**Exercise:** Copy out the full listing exactly, omitting any picture it contains.

**Supplied information:**
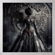 This detailed steampunk fantasy artwork of the fashion for a darkness demon with lace-like wings in shades of black and gray on this artwork poster.
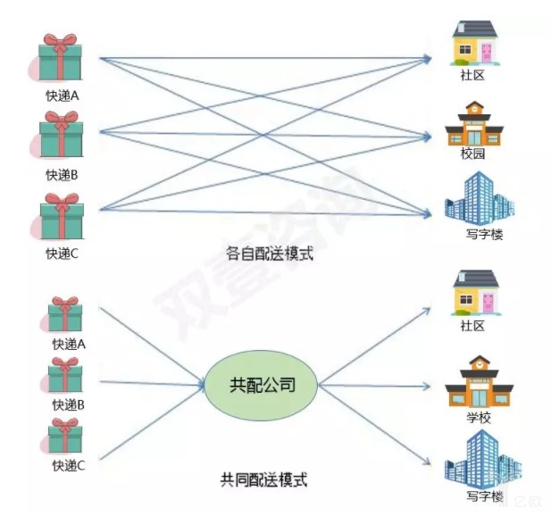 目前市場上關于共同配送尚無統一定義。雙壹認為,快遞行業共同配送是指為了提高配送效率,將多個快件品牌一起進行分揀、投遞、簽收的配送方式。在中國派件難的重點地區,共同配送已經逐漸發展起來。
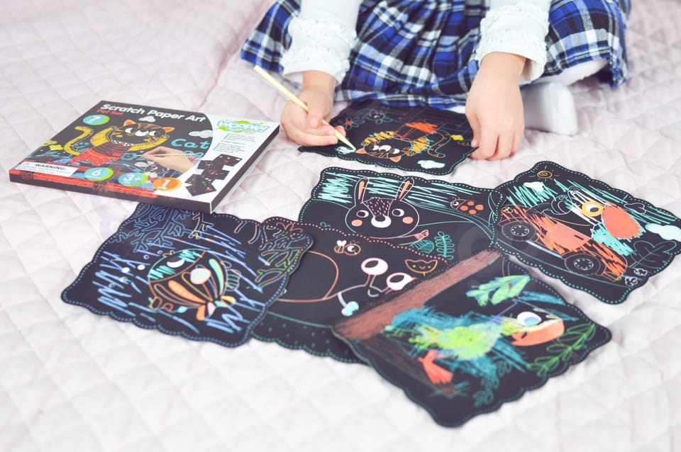 - - zestaw zawiera 7 elementów: 6 planszy do wydrapania oraz rysik
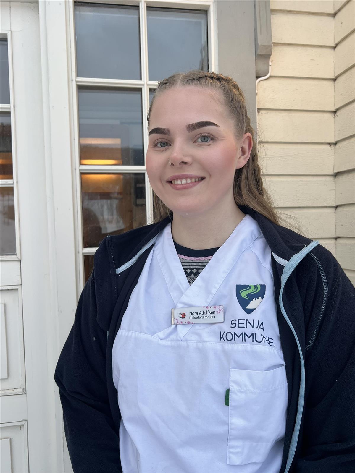 – Jeg studerer til å bli vernepleier – og det er veldig spennende og givende, sier Mariell Theodorsen, som er helsefagarbeider i hjemmesykepleien i Vangsvik.

**Solution for this task:**
 This detailed steampunk fantasy artwork of the fashion for a darkness demon with lace-like wings in shades of black and gray on this artwork poster.
 目前市場上關于共同配送尚無統一定義。雙壹認為,快遞行業共同配送是指為了提高配送效率,將多個快件品牌一起進行分揀、投遞、簽收的配送方式。在中國派件難的重點地區,共同配送已經逐漸發展起來。
 - - zestaw zawiera 7 elementów: 6 planszy do wydrapania oraz rysik
 – Jeg studerer til å bli vernepleier – og det er veldig spennende og givende, sier Mariell Theodorsen, som er helsefagarbeider i hjemmesykepleien i Vangsvik.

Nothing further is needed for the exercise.